EXERCISE GOAL » A faithful copy of the data below is required, leaving out every picture.

INPUT DATA »

====================

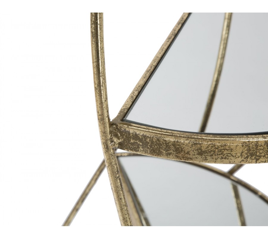 Art deco príručný stolík Celestia s okrúhlou vrchnou doskou zo zrkadlového skla a tromi policami so zlatou konštrukciou 86 cm
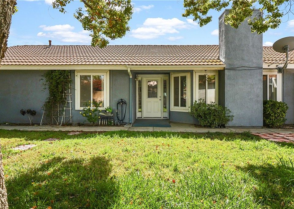 Come and visit this charming 3 bedroom, 2 bathroom home in Jurupa Valley situated on a generously sized cul-de-sac lot, a rare find in this area. You will appreciate the ultimate privacy provided by the gated front yard. As you step inside through the upgraded front door, you will be greeted by a cozy family room with a red brick fireplace and a formal dining room boasting abundant natural light from the skylights. The kitchen, conveniently located off the dining room, features a breakfast bar counter, plenty of cabinets, counter space, and a double door pantry. The garage, accessible from the kitchen, houses the laundry room and can easily fit two cars. The front bedroom with a full closet is currently being used as an office, while the second bedroom is located across the hall from the owner's suite. The house features upgraded windows and tile flooring in the kitchen, dining room, and bathrooms. Finally, you can unwind in your own private backyard oasis, which includes a slab area perfect for family BBQ's, ample space for gardening, bird watching, flowers/shrubs and room for kids to play. The Meadow above the backyard includes many drought tolerant California native plants and trees. Newer windows, exterior doors, HVAC and HVAC ducting. Don't miss out on this rare gem and schedule a viewing today.
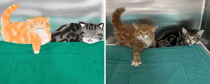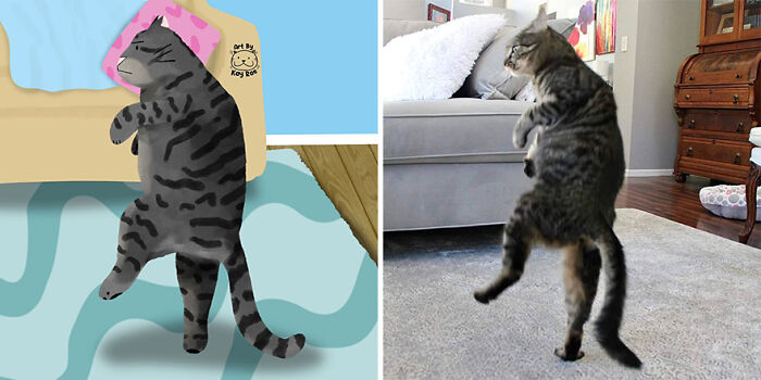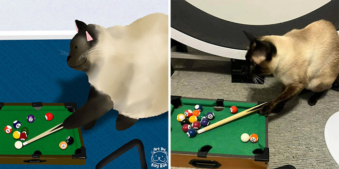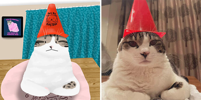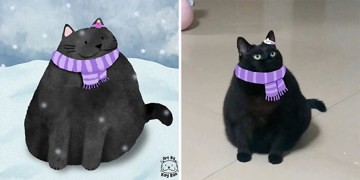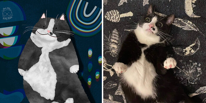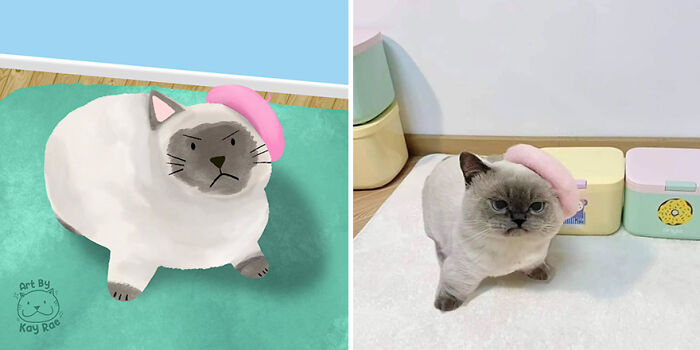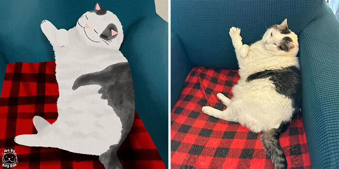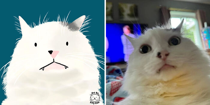 Animals are the ultimate muses for many artists, and Kelsey, the artist behind Art By Kay Rae, is no exception. She loves illustrating funny animal moments—especially cat photos found on the internet—and turning them into humorous drawings.
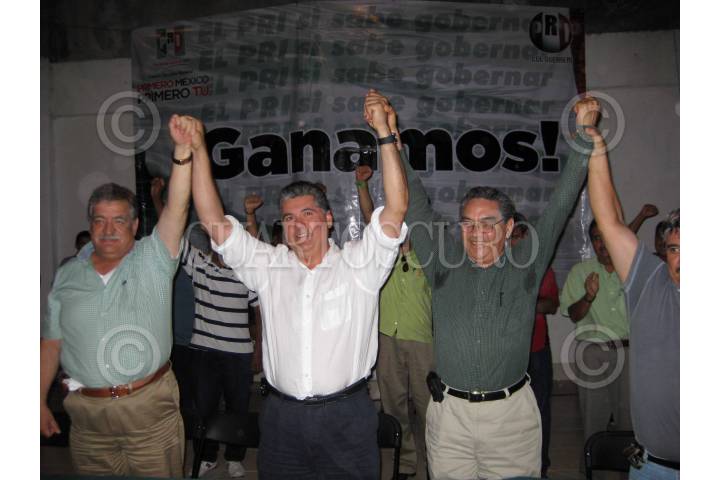 CHILPANCINGO, GUERRERO 06JULIO2009.- Con las manos en alto los Integrantes de la dirigencia estatal del PRI encabezados por el dirigente estatal Marco Antonio Leyva Mena celebraron el triunfo contundente de sus candidatos a diputados federales al termino de la conferencia de prensa que ofrecieron la noche del domingo, a los representantes de los diversos medios de comunicacion. FOTO: OSCAR ALVARADO/CUARTOSCURO.COM

====================

RESULT OF THE TASK »
 Art deco príručný stolík Celestia s okrúhlou vrchnou doskou zo zrkadlového skla a tromi policami so zlatou konštrukciou 86 cm
 Come and visit this charming 3 bedroom, 2 bathroom home in Jurupa Valley situated on a generously sized cul-de-sac lot, a rare find in this area. You will appreciate the ultimate privacy provided by the gated front yard. As you step inside through the upgraded front door, you will be greeted by a cozy family room with a red brick fireplace and a formal dining room boasting abundant natural light from the skylights. The kitchen, conveniently located off the dining room, features a breakfast bar counter, plenty of cabinets, counter space, and a double door pantry. The garage, accessible from the kitchen, houses the laundry room and can easily fit two cars. The front bedroom with a full closet is currently being used as an office, while the second bedroom is located across the hall from the owner's suite. The house features upgraded windows and tile flooring in the kitchen, dining room, and bathrooms. Finally, you can unwind in your own private backyard oasis, which includes a slab area perfect for family BBQ's, ample space for gardening, bird watching, flowers/shrubs and room for kids to play. The Meadow above the backyard includes many drought tolerant California native plants and trees. Newer windows, exterior doors, HVAC and HVAC ducting. Don't miss out on this rare gem and schedule a viewing today.
 Animals are the ultimate muses for many artists, and Kelsey, the artist behind Art By Kay Rae, is no exception. She loves illustrating funny animal moments—especially cat photos found on the internet—and turning them into humorous drawings.
 CHILPANCINGO, GUERRERO 06JULIO2009.- Con las manos en alto los Integrantes de la dirigencia estatal del PRI encabezados por el dirigente estatal Marco Antonio Leyva Mena celebraron el triunfo contundente de sus candidatos a diputados federales al termino de la conferencia de prensa que ofrecieron la noche del domingo, a los representantes de los diversos medios de comunicacion. FOTO: OSCAR ALVARADO/CUARTOSCURO.COM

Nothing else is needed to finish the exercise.